The workflow with the suggested adaptions already works well with interestig results. But for production conditions we need to be more specific. I am considering to make use of semantics and am thinking of building an ontology in f.i. Protégé and using that for similarity purposes. Searching for ontologies on the Knime forum I saw two suggestions: making use of dictionary tagging and using network functionality. I think the network functionality is the most promising but how do I load a Protégé ontology as a Network in Knime? Formats don't seem to suit.
What kind of file format is available ? XML ?
I had gone through your dicussion and I hope you have sucessfully acehieved of what you are working on.

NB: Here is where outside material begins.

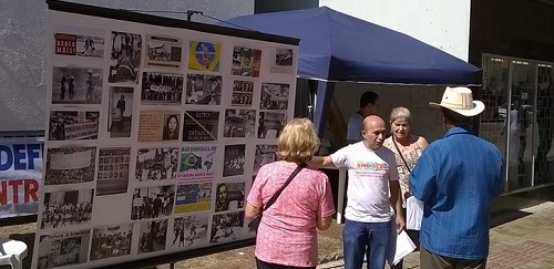 Foram distribuídos panfletos e instalado um painel com fotos e reportagens de jornais sobre os tempos da repressão.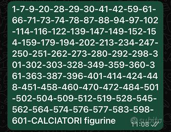 Vendo o scambio carte figurine calciatori Panini Queste sono i miei doppioni con il sfondo verde 1-7-9-20-28-29-30-41-42-59-61-66-71-73-74-78-87-88-94-97-102-114-116-122-139-147-149-152-154-159-179-194-202-213-234-247-250-251-262-273-280-292-298-301-302-303-328-349-359-360-361-363-387-396-401-414-424-448-451-458-460-470-472-484-501-502-504-509-512-519-528-545-562-564-574-576-577-583-598-601-CALCIATORI figurine 0,25 l’uno disponibile consegna a mano o la spedizione +3€

Actually I am also trying to do the same process in R-Language but its becoming a bit difficult to acehive it. A friend of mine suggest me to do with KNIME and in my R&D process, I found your dicussion and which is closely related to my requirment. If possible could you please attach your workflow and the supporting links(if there). So that it can help me to achieve my task sucessfully.
Awating for your reply,
Thanking in Anticipation.
If you want to pursue your endeavours in R, there's an excellent book named "Machine Learning in R" by Brett Lantz, which provides a hands-on section on text mining in R with the powerful, flexible `tm` package. That said, text mining in KNIME also works beautifully once you've gotten used to the behaviour of the Strings to Documents parser.